Items from a dataset:
* * * *
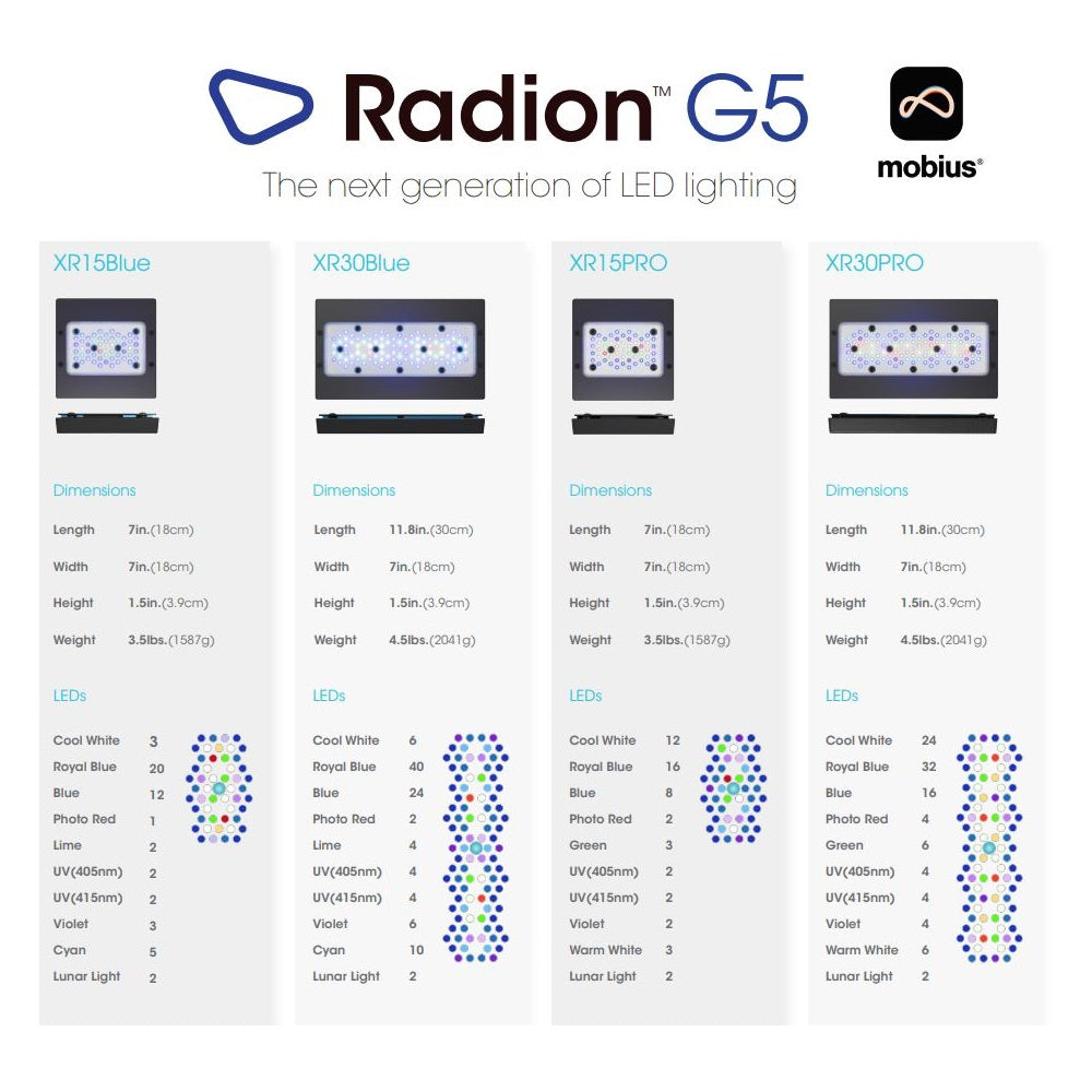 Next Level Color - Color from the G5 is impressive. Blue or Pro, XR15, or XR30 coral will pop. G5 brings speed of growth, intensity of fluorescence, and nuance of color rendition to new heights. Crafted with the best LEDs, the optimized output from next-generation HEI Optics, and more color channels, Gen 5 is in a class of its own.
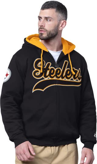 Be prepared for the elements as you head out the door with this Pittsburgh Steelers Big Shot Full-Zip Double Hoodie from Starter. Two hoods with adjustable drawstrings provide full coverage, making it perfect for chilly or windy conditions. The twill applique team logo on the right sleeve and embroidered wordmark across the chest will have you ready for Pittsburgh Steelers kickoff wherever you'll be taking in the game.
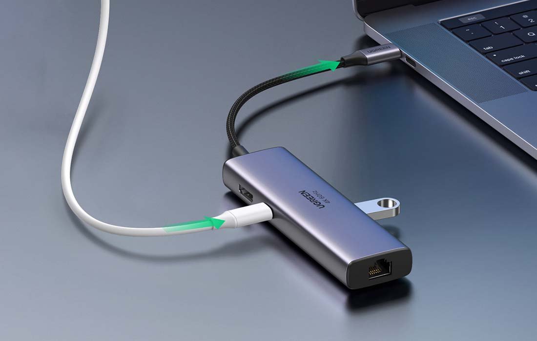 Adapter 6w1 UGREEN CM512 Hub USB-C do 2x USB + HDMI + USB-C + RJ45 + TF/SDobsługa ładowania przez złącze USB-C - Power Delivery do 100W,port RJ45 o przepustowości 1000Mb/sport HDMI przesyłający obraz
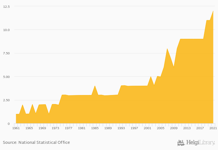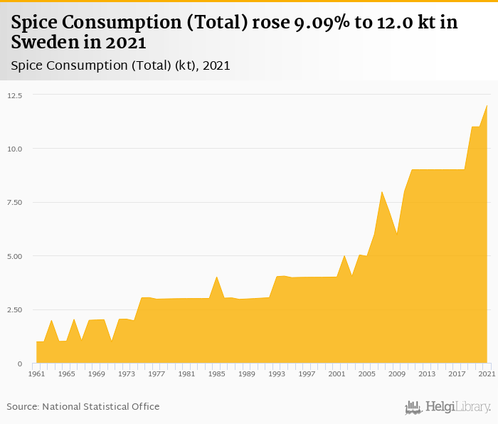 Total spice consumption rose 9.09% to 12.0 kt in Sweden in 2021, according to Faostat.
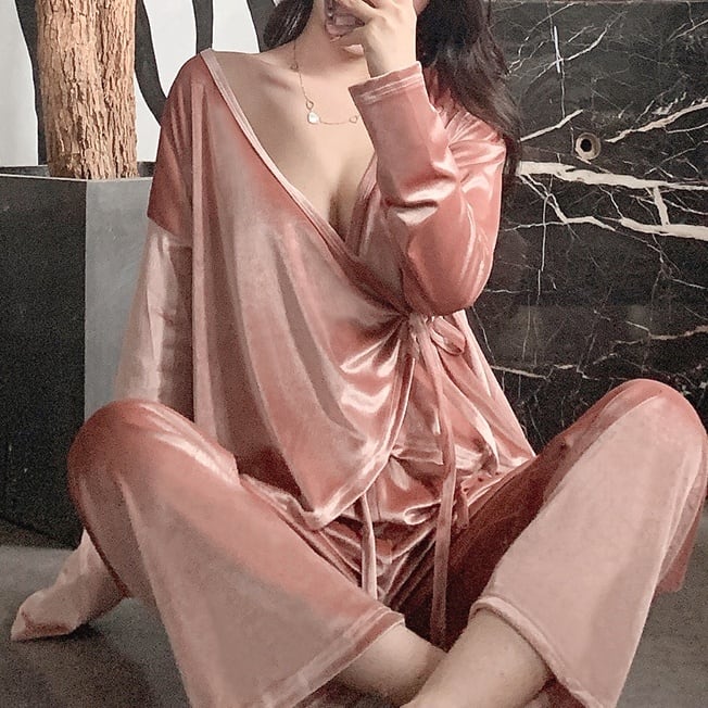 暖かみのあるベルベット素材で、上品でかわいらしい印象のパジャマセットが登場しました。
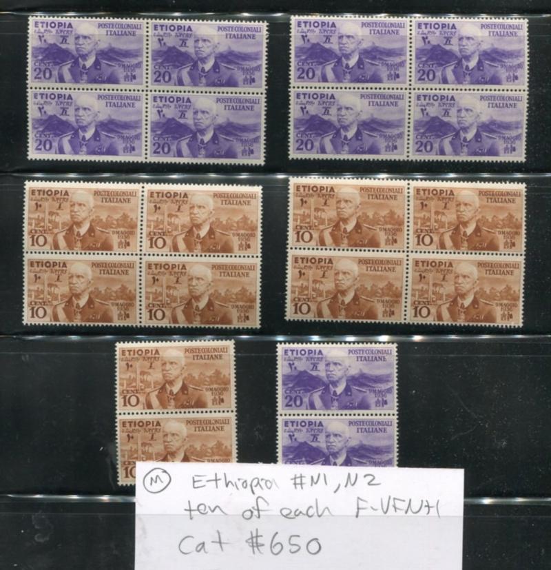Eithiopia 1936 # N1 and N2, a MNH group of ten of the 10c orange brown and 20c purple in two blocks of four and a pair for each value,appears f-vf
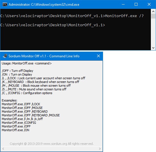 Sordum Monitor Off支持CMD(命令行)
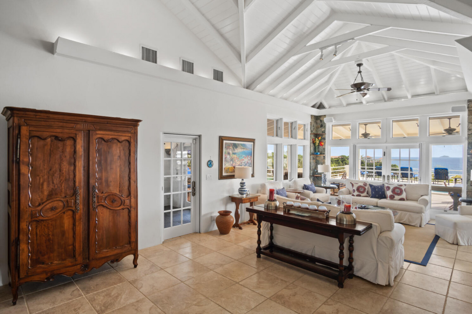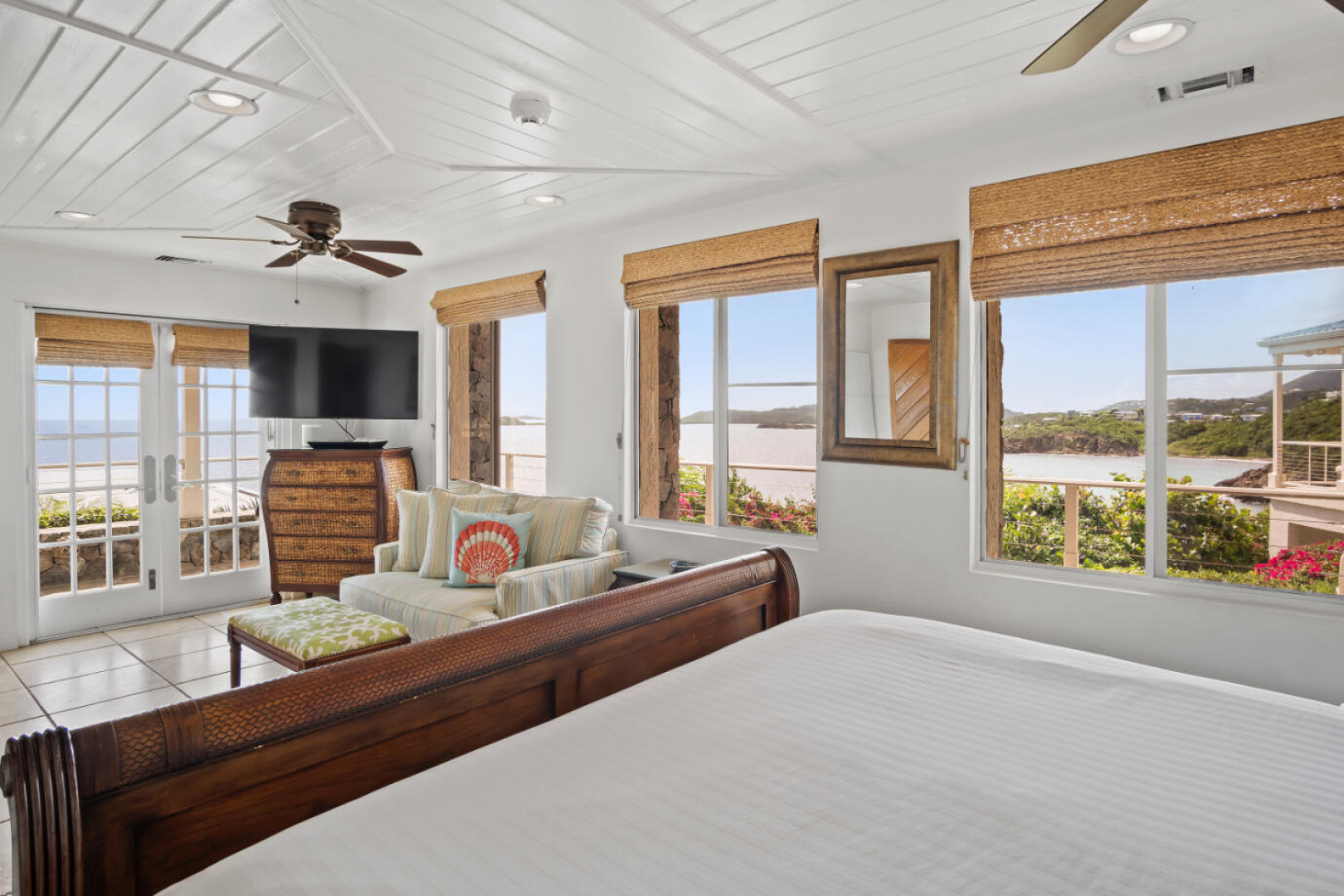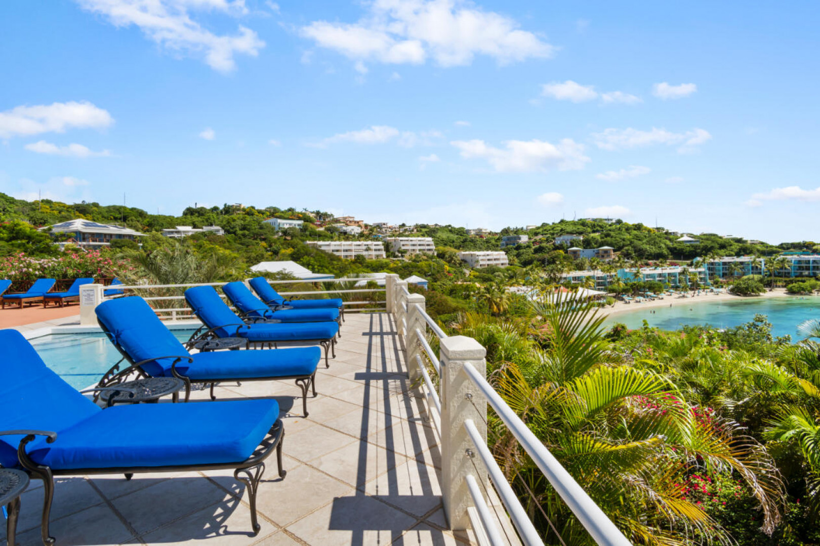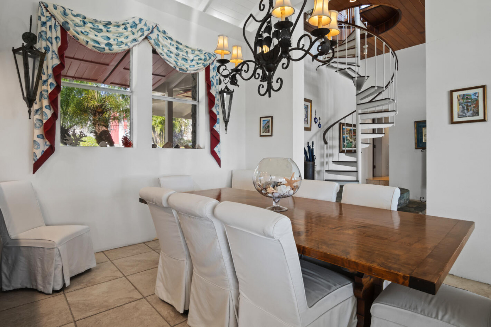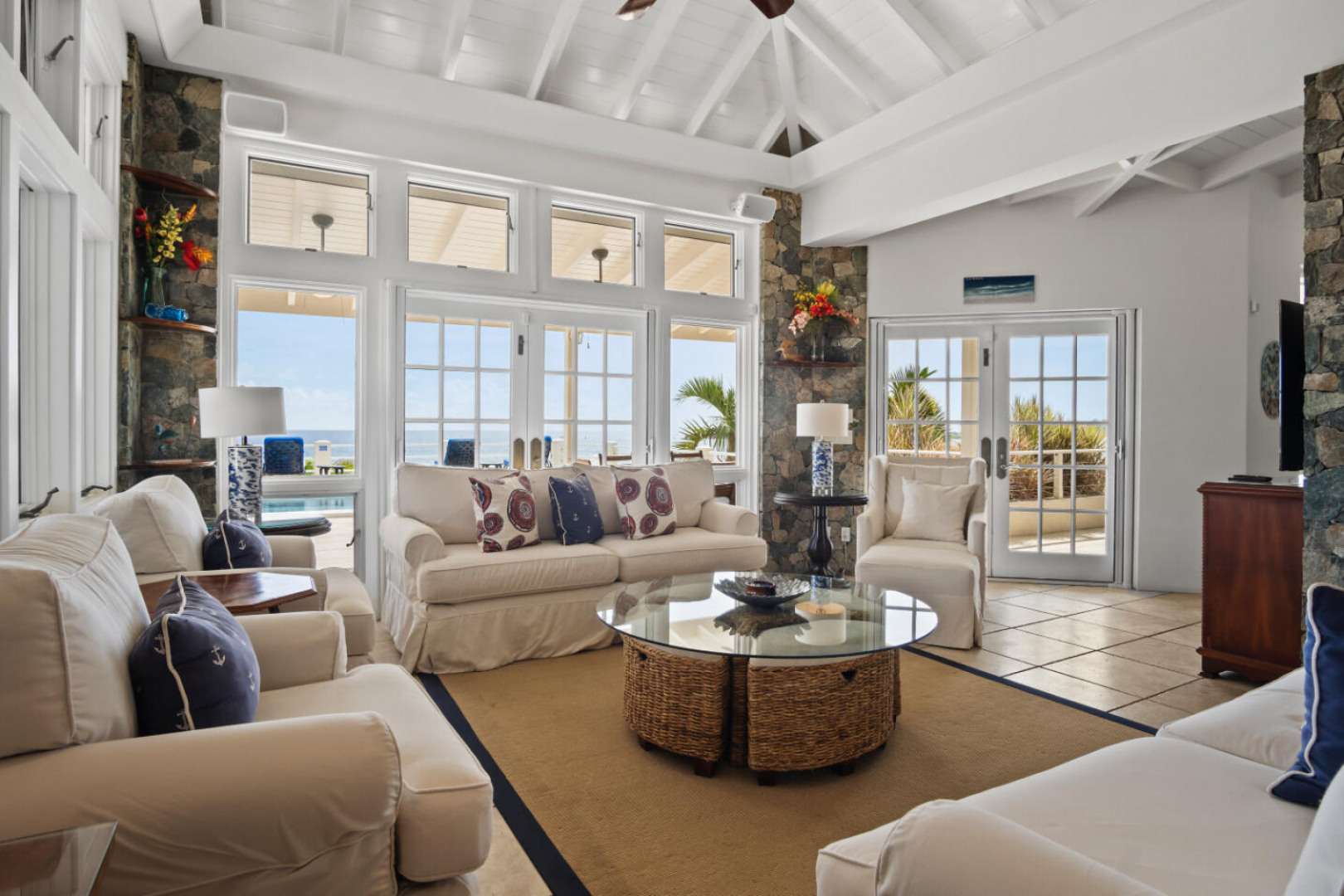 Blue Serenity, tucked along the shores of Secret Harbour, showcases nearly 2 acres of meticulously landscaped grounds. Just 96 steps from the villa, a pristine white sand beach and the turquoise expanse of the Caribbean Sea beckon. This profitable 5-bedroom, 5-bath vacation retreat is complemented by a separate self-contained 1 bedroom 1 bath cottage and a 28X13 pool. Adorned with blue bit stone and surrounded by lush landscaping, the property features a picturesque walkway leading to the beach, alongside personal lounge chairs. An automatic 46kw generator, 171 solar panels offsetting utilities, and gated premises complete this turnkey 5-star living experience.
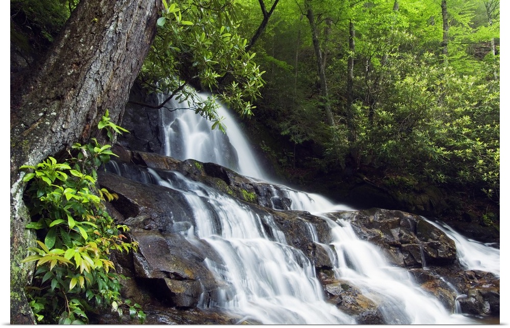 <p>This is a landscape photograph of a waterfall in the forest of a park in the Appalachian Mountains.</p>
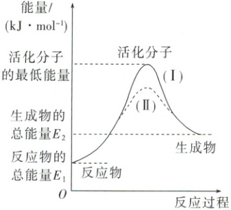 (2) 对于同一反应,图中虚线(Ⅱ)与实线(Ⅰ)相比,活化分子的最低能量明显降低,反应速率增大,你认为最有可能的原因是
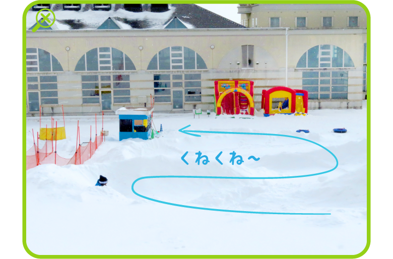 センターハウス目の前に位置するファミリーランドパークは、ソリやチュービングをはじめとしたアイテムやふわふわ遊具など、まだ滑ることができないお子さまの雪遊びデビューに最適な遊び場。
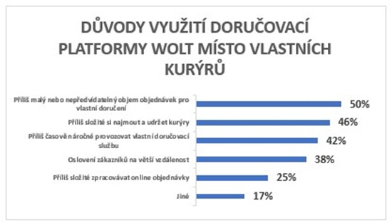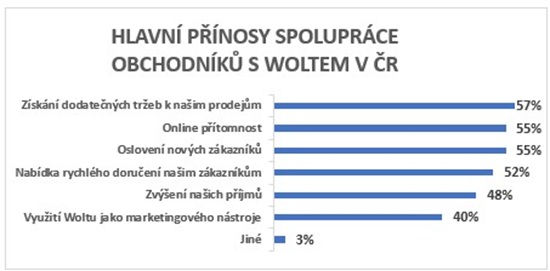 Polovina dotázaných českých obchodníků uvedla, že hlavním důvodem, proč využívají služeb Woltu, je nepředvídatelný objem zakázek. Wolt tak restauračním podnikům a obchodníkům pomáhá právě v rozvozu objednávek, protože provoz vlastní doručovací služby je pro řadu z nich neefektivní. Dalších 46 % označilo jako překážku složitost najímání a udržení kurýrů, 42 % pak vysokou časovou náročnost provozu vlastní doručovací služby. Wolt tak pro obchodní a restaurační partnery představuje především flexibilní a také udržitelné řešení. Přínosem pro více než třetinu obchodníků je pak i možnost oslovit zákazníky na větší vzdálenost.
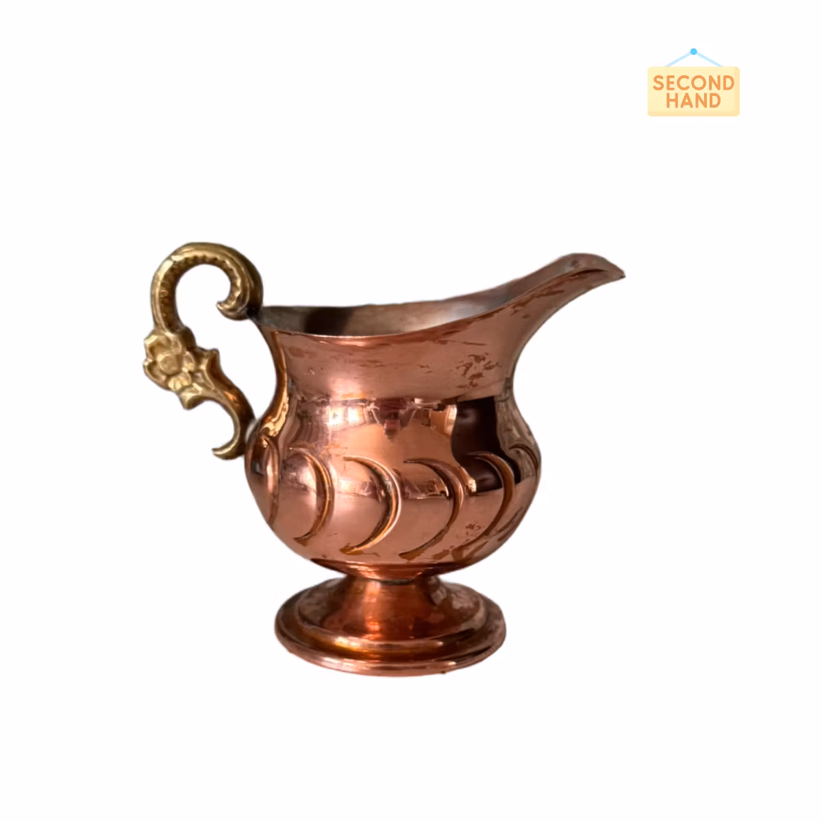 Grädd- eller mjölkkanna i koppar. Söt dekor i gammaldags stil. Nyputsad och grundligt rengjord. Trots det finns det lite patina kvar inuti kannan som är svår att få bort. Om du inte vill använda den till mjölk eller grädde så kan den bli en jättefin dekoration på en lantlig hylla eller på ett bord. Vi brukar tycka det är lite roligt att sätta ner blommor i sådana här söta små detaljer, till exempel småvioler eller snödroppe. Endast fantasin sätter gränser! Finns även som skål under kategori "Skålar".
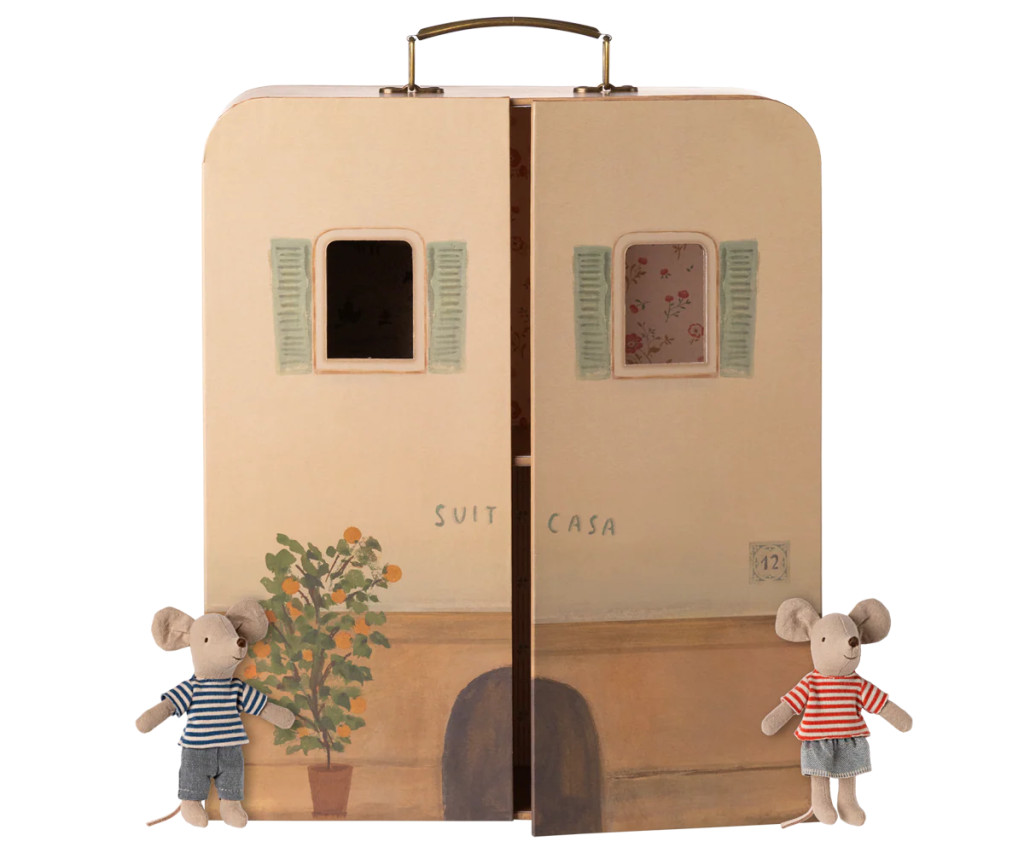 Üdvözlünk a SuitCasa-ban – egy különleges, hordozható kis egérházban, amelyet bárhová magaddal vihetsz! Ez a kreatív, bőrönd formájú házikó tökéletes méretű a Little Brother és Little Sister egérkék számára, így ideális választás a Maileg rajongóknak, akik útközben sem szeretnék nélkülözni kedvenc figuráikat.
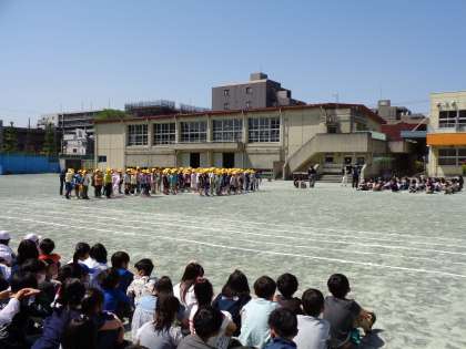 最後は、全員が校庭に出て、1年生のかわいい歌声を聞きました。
* * * *
Task statement:
Every record is to be restated word for word, with the pictures left out.

Written answer:
 Next Level Color - Color from the G5 is impressive. Blue or Pro, XR15, or XR30 coral will pop. G5 brings speed of growth, intensity of fluorescence, and nuance of color rendition to new heights. Crafted with the best LEDs, the optimized output from next-generation HEI Optics, and more color channels, Gen 5 is in a class of its own.
 Be prepared for the elements as you head out the door with this Pittsburgh Steelers Big Shot Full-Zip Double Hoodie from Starter. Two hoods with adjustable drawstrings provide full coverage, making it perfect for chilly or windy conditions. The twill applique team logo on the right sleeve and embroidered wordmark across the chest will have you ready for Pittsburgh Steelers kickoff wherever you'll be taking in the game.
 Adapter 6w1 UGREEN CM512 Hub USB-C do 2x USB + HDMI + USB-C + RJ45 + TF/SDobsługa ładowania przez złącze USB-C - Power Delivery do 100W,port RJ45 o przepustowości 1000Mb/sport HDMI przesyłający obraz
 Total spice consumption rose 9.09% to 12.0 kt in Sweden in 2021, according to Faostat.
 暖かみのあるベルベット素材で、上品でかわいらしい印象のパジャマセットが登場しました。
Eithiopia 1936 # N1 and N2, a MNH group of ten of the 10c orange brown and 20c purple in two blocks of four and a pair for each value,appears f-vf
 Sordum Monitor Off支持CMD(命令行)
 Blue Serenity, tucked along the shores of Secret Harbour, showcases nearly 2 acres of meticulously landscaped grounds. Just 96 steps from the villa, a pristine white sand beach and the turquoise expanse of the Caribbean Sea beckon. This profitable 5-bedroom, 5-bath vacation retreat is complemented by a separate self-contained 1 bedroom 1 bath cottage and a 28X13 pool. Adorned with blue bit stone and surrounded by lush landscaping, the property features a picturesque walkway leading to the beach, alongside personal lounge chairs. An automatic 46kw generator, 171 solar panels offsetting utilities, and gated premises complete this turnkey 5-star living experience.
 <p>This is a landscape photograph of a waterfall in the forest of a park in the Appalachian Mountains.</p>
 (2) 对于同一反应,图中虚线(Ⅱ)与实线(Ⅰ)相比,活化分子的最低能量明显降低,反应速率增大,你认为最有可能的原因是
 センターハウス目の前に位置するファミリーランドパークは、ソリやチュービングをはじめとしたアイテムやふわふわ遊具など、まだ滑ることができないお子さまの雪遊びデビューに最適な遊び場。
 Polovina dotázaných českých obchodníků uvedla, že hlavním důvodem, proč využívají služeb Woltu, je nepředvídatelný objem zakázek. Wolt tak restauračním podnikům a obchodníkům pomáhá právě v rozvozu objednávek, protože provoz vlastní doručovací služby je pro řadu z nich neefektivní. Dalších 46 % označilo jako překážku složitost najímání a udržení kurýrů, 42 % pak vysokou časovou náročnost provozu vlastní doručovací služby. Wolt tak pro obchodní a restaurační partnery představuje především flexibilní a také udržitelné řešení. Přínosem pro více než třetinu obchodníků je pak i možnost oslovit zákazníky na větší vzdálenost.
 Grädd- eller mjölkkanna i koppar. Söt dekor i gammaldags stil. Nyputsad och grundligt rengjord. Trots det finns det lite patina kvar inuti kannan som är svår att få bort. Om du inte vill använda den till mjölk eller grädde så kan den bli en jättefin dekoration på en lantlig hylla eller på ett bord. Vi brukar tycka det är lite roligt att sätta ner blommor i sådana här söta små detaljer, till exempel småvioler eller snödroppe. Endast fantasin sätter gränser! Finns även som skål under kategori "Skålar".
 Üdvözlünk a SuitCasa-ban – egy különleges, hordozható kis egérházban, amelyet bárhová magaddal vihetsz! Ez a kreatív, bőrönd formájú házikó tökéletes méretű a Little Brother és Little Sister egérkék számára, így ideális választás a Maileg rajongóknak, akik útközben sem szeretnék nélkülözni kedvenc figuráikat.
 最後は、全員が校庭に出て、1年生のかわいい歌声を聞きました。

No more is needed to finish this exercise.